- **What is required**
Would you return each record that follows word for word, without its pictures?

Top of Given records

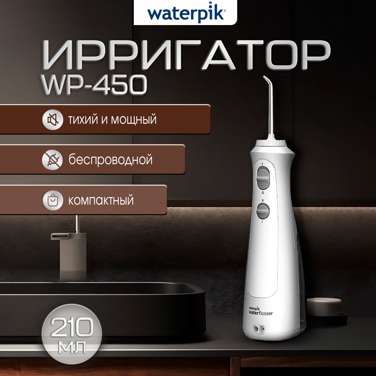 The main device is the Waterpik WP 450 E2 irrigator; standard nozzle - 1 piece; nozzle for cleaning the tongue and cheeks - 1 pc.; orthodontic nozzle - 1 pc.; implant nozzle - 1 pc.; Charger
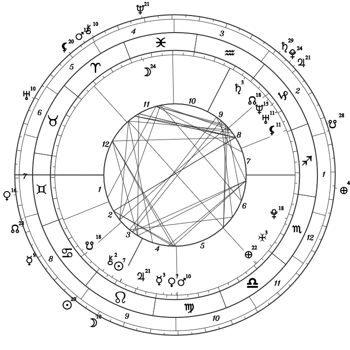 În interiorul schemei se află pozițiile natale. La periferia cercului se găsesc tranzitele curente.
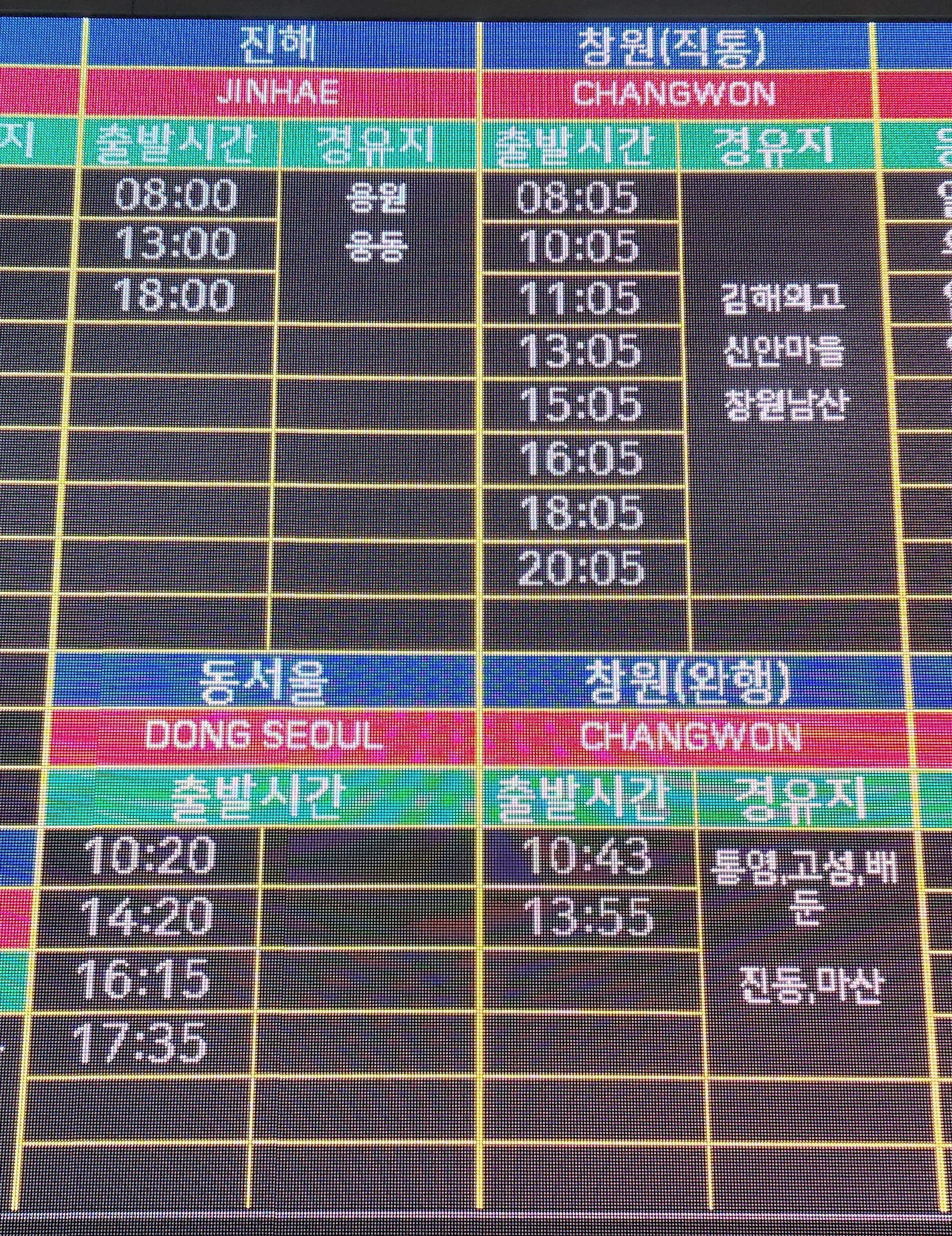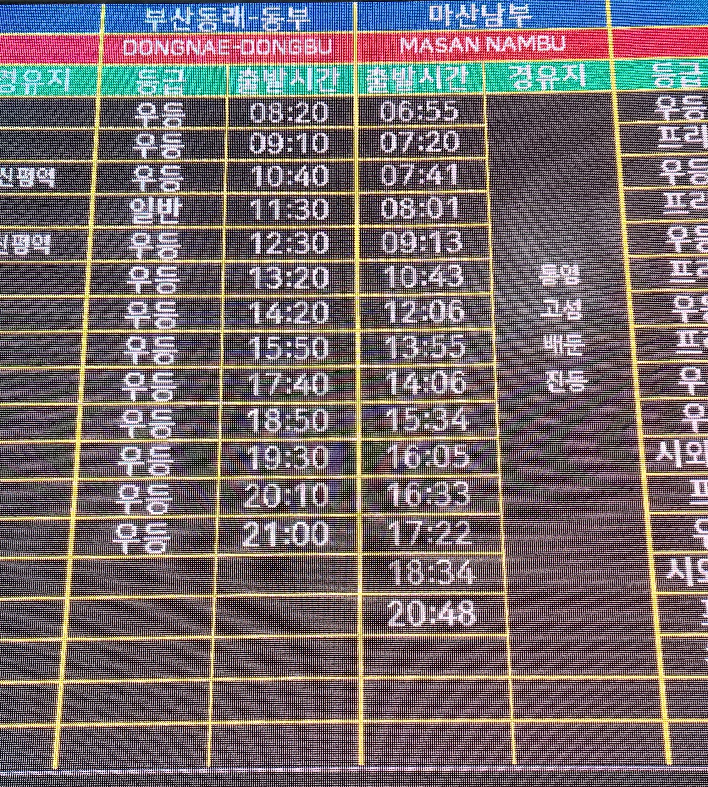 고현 출발 부산 동래 동부, 마산 남부 방면.
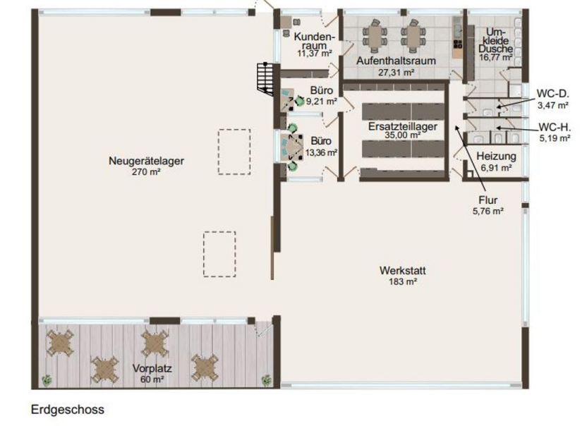 Alternativ kann das Objekt auch mit einer reduzierten Freifläche angemietet werden. In diesem Fall beträgt die monatliche Miete 11.200,00 €.
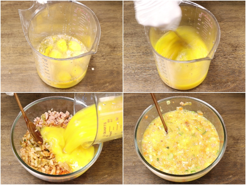 4. 위 2번에서 준비한 양파.햄.당근.김치에 다진파5T를 그릇에 넣고요~ 계란푼물을 부어준후...
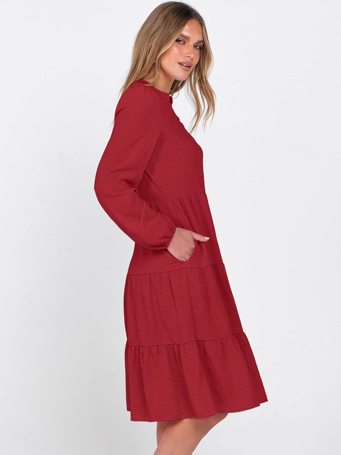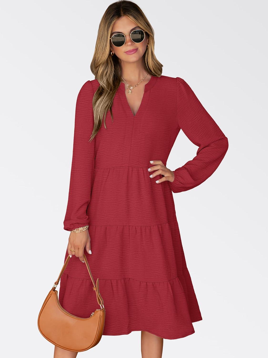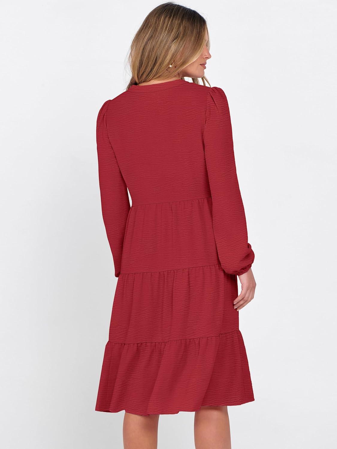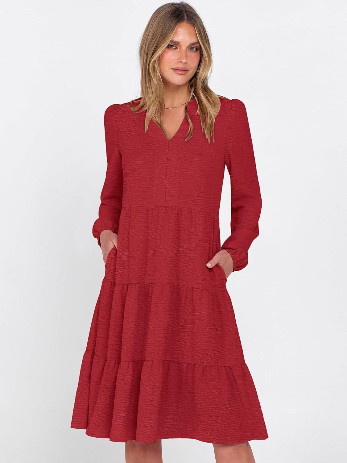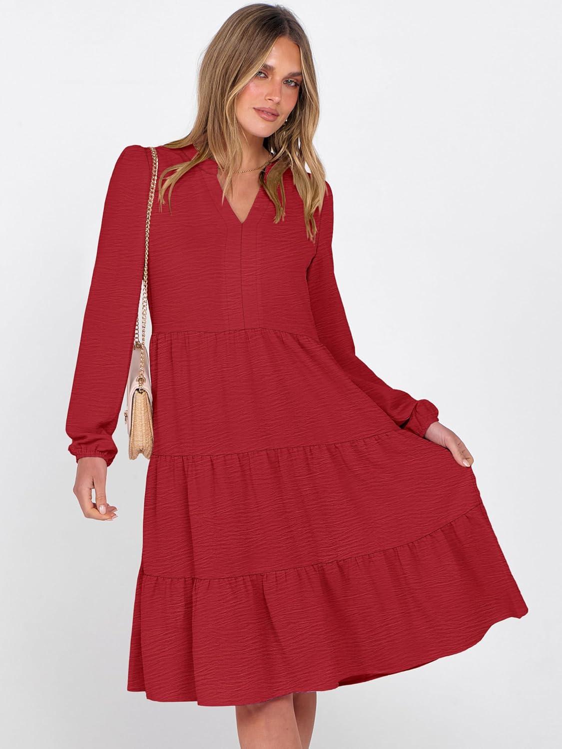 ANRABESS Womens Fall Midi Dresses Long Sleeve V Neck Swing Tiered Work Business Casual 2025 Flowy Beach Vacation Dress(Red)
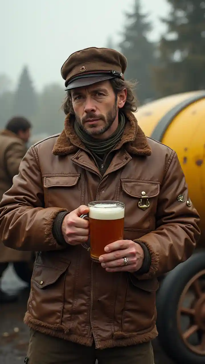 一名身着飞行轰炸机皮夹克的苏联男飞行员手里拿着一大杯格瓦斯,背景中可以看到一个装有格瓦斯的轮子上的苏联黄色桶
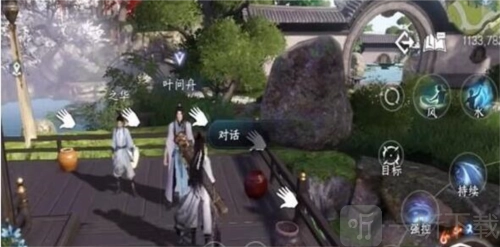2. 跟师兄交谈,运用水技能把瓶子装满水。
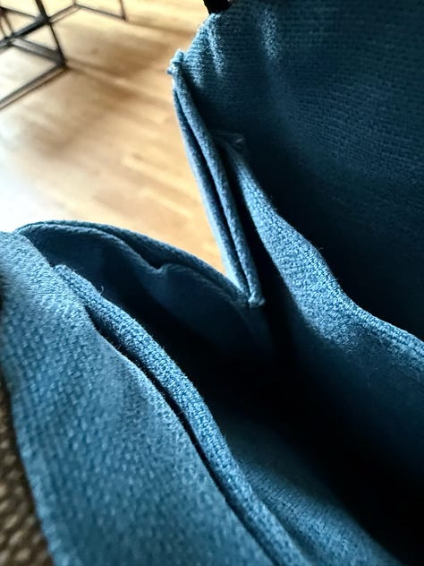 That process led to some happy accidents. For example, I discovered that folding the pockets instead of sewing them onto the lining creates these smooth transitions:
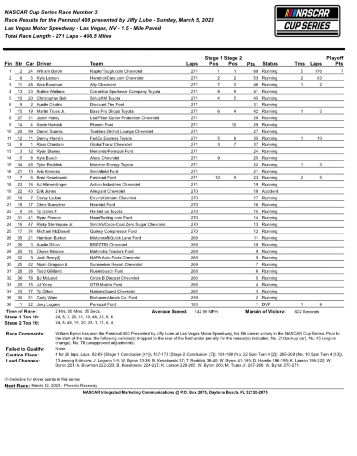 В воскресенье прошел третий этап NASCAR Cup Series на 1,5-мильном овале в Лас-Вегасе. Чемпион 2022-го года, Джоуи Логано взял поул накануне в квалификации. Вместе с ним с первого ряда стартовал гонщик Hendrick Motorsports Уильям Байрон.
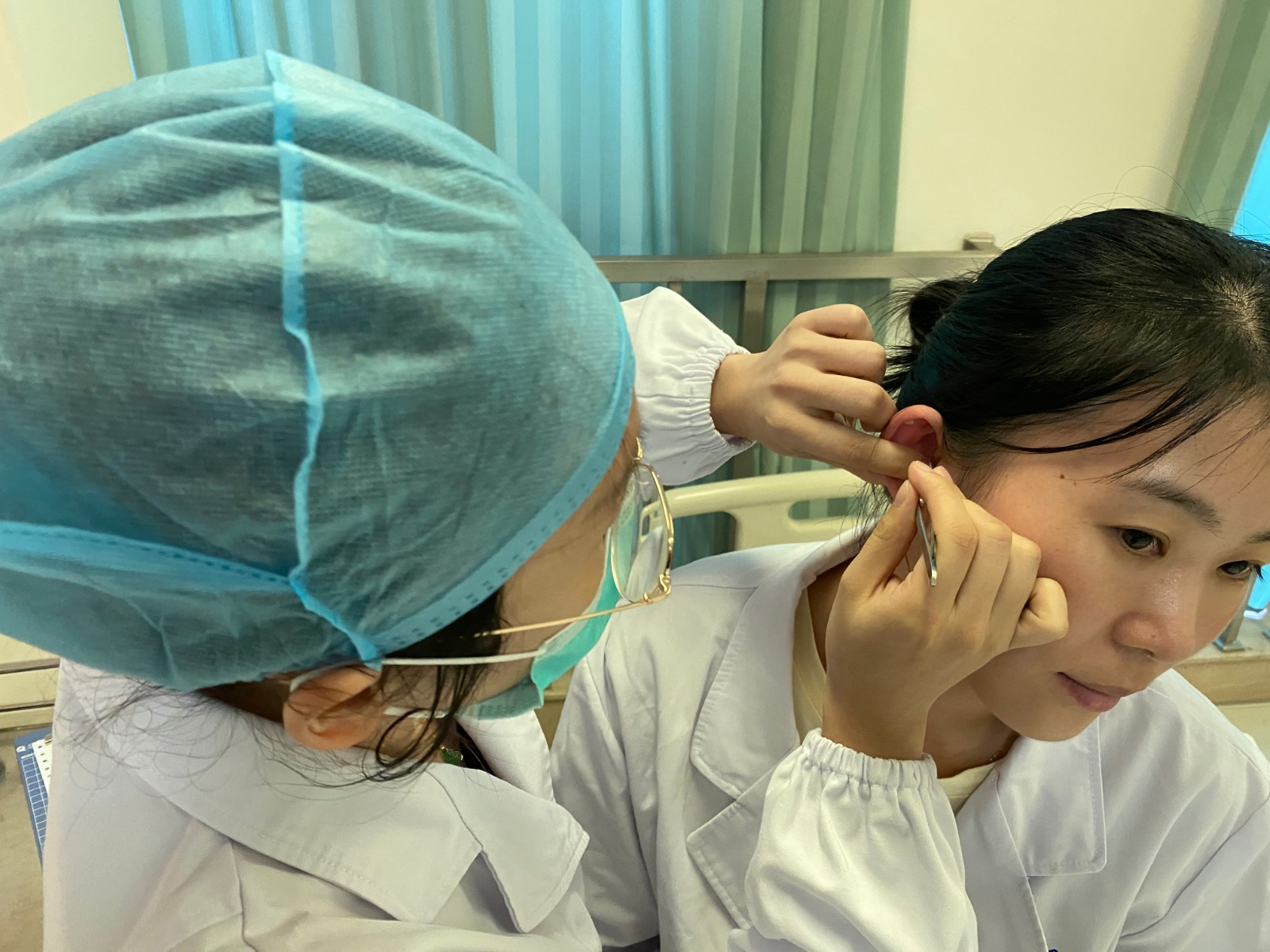 为进一步推动中医适宜技术进入基层,此次特选取临床疗效明显、接受度高的四项中医技能操作,包含耳穴压豆、穴位贴敷、中药熏洗、艾灸以及“八段锦”健身功法,进行针对性集中培训,全面提升了护理骨干的操作技术水平。

Bottom of Given records

- **Exercise answer**
 The main device is the Waterpik WP 450 E2 irrigator; standard nozzle - 1 piece; nozzle for cleaning the tongue and cheeks - 1 pc.; orthodontic nozzle - 1 pc.; implant nozzle - 1 pc.; Charger
 În interiorul schemei se află pozițiile natale. La periferia cercului se găsesc tranzitele curente.
 고현 출발 부산 동래 동부, 마산 남부 방면.
 Alternativ kann das Objekt auch mit einer reduzierten Freifläche angemietet werden. In diesem Fall beträgt die monatliche Miete 11.200,00 €.
 4. 위 2번에서 준비한 양파.햄.당근.김치에 다진파5T를 그릇에 넣고요~ 계란푼물을 부어준후...
 ANRABESS Womens Fall Midi Dresses Long Sleeve V Neck Swing Tiered Work Business Casual 2025 Flowy Beach Vacation Dress(Red)
 一名身着飞行轰炸机皮夹克的苏联男飞行员手里拿着一大杯格瓦斯,背景中可以看到一个装有格瓦斯的轮子上的苏联黄色桶
2. 跟师兄交谈,运用水技能把瓶子装满水。
 That process led to some happy accidents. For example, I discovered that folding the pockets instead of sewing them onto the lining creates these smooth transitions:
 В воскресенье прошел третий этап NASCAR Cup Series на 1,5-мильном овале в Лас-Вегасе. Чемпион 2022-го года, Джоуи Логано взял поул накануне в квалификации. Вместе с ним с первого ряда стартовал гонщик Hendrick Motorsports Уильям Байрон.
 为进一步推动中医适宜技术进入基层,此次特选取临床疗效明显、接受度高的四项中医技能操作,包含耳穴压豆、穴位贴敷、中药熏洗、艾灸以及“八段锦”健身功法,进行针对性集中培训,全面提升了护理骨干的操作技术水平。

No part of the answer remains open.